In contrast, HBV mRNA was not diminished in livers taken from
untreated transgenic mice or control transgenic mice, which had
been injected with pCMV-LacZ DNA (FIG. 15A, lane 1 and lanes 2-4
respectively). This indicates that the inhibition of viral gene
expression in transgenic mice injected with pCMV-S2.S was not due
to a non-specific effect such as the release of cytokines with
injection-induced inflammation and/or with an immune response
against transfected muscle cells expressing a foreign antigen
(i.e., .beta.-gal). Thus, the HBsAg-specific immune response
induced by immunization with plasmid DNA appears to be responsible
for controlling hepatic transgene expression by some non-cytopathic
mechanism.
[0168] 3.c. Injection of DNA Induced B and T-Cell Response to
HbsAg
[0169] To determine which component of the immune response is
implicated in the down-regulation of HBV-specific mRNA and in the
observed decrease or elimination of the circulating antigen,
adoptive transfer experiments were performed. Fully immunocompetent
non-transgenic mice were immunized once with the pCMV-S2.S DNA
vector and when ELISA titres of serum antibodies to HBsAg had
reached at least 10.sup.4, both the serum and the primed spleen
cells were harvested from the mice for transfer into their
transgenic littermates.
[0170] Passive transfer of serum-derived antibodies on a single
occasion into transgenic mice induced a rapid but transient
decrease in circulating HBsAg levels (mice 2.21 and 4.26, Table
VI). In other transgenic mice, circulating antigen was maintained
at undetectable levels for a longer period by intra-peritoneal
injection of hyperimmune sera every 2-3 days over a period of 17
days (mice 1.3.5 and 1.3.6, Table 2). Neither single nor chronic
administration of antibodies resulted in decreased HBV-specific
mRNA in the liver (not shown) indicating that the humoral response
after DNA-based immunization was not responsible for the
down-regulation of transgene expression or the long-term
elimination of the transgene product.
[0171] Injection of primed spleen cell suspensions obtained from
pCMV-S2.S immunized non-transgenic donor mice into transgenic
littermate recipients resulted in a rapid clearance of circulating
HBsAg (by 7 days) and a concomitant appearance of anti-HBs
antibodies, which were sustained (FIG. 16). This indicates that the
transferred T and B cells were functional within the environment of
the transgenic mice and that the B cells were activated, probably
by the circulating antigen. Adoptive transfer of HBsAg-primed
spleen cells was also able to induce a complete disappearance of
HBV mRNA in the liver by 17 days (FIG. 17 and FIG. 15B, lanes 4,
5). The inability to detect serum HBsAg occurred 10 days prior to
the disappearance of HBV mRNA suggesting that two separate
mechanisms may be responsible for the observed clearance of the
antigen: an initial transient elimination due to formation of
immune complexes and a subsequent more permanent control of
transgene transcription. Serum transaminase activity and
histological examination of liver sections were monitored every 2-3
days after adoptive transfer and found to be normal for up to 17
days, after which some histological sections of liver exhibited a
few small necrotic foci. These were sometimes accompanied by the
presence of inflammatory cells, but in no case did the necrotic
regions involve more that 5% of the hepatic cells. In addition, a
few apoptotic hepatocytes were detected in centrilobular areas
within some randomly distributed lobules (not shown). The changes
induced by adoptive transfer with HBsAg-primed spleen cells were
HBsAg-specific since injection of .beta.-gal-primed spleen cells
into transgenic recipients had no effect on the levels of serum
HBsAg (FIG. 16) or liver HBV mRNA (FIG. 14B, lanes 2, 3).

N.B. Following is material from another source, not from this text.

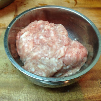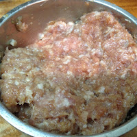 1 . 先將絞肉加一匙醬油 ㄧ小匙米酒 ㄧ小匙蓮藕粉
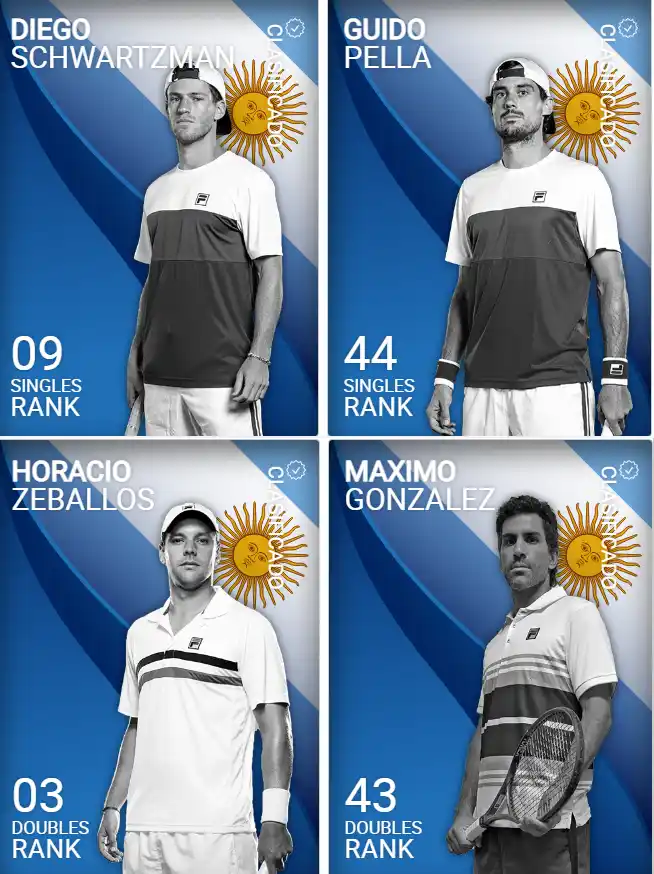 El equipo albiceleste dirá presente con Diego Schwartzman, Guido Pella, el propio Zeballos y Máximo González.

[0172] 3.d. T Cells are Able to Control Transgene Expression in the
Absence of Antibody Production.
[0173] To determine the spleen cell population, which was involved
in the decrease or disappearance of circulating HBsAg and liver HBV
mRNA, adoptive transfer was carried out with fractionated B- or
T-spleen cells obtained from non-transgenic donor mice immunized
with pCMV-S2.S. After depletion of T-cells, the transfer of
HBsAg-primed spleen cells into transgenic mice did not induce
anti-HBs and had no effect on levels of circulating HBsAg or liver
HBV mRNA (FIG. 15B, lane 6). This indicates that antibody
production in DNA-immunized transgenic mice is T-cell dependent. In
contrast, transfer of B cell-depleted spleen cells resulted in
clearance of circulating HBsAg within 14-17 days although antibody
to HBsAg was not detected in these recipient mice at these or later
times (not shown). Thus, antigen-antibody complex formation is not
required for, but has a synergistic effect on the elimination of
circulating antigen (FIG. 16). Furthermore, it appears that
HBsAg-specific T cells are also responsible for down regulation of
transgene expression since only transfer of T--but not B--or
unprimed T-cells was able to reduce HBV mRNA in the liver to
undetectable levels (FIG. 15B, lane 6-9).
[0174] 4. Genetic Vaccine in Clinical Trials
[0175] H. A. Thoma, Progress in Hepatitis B Immunization, P.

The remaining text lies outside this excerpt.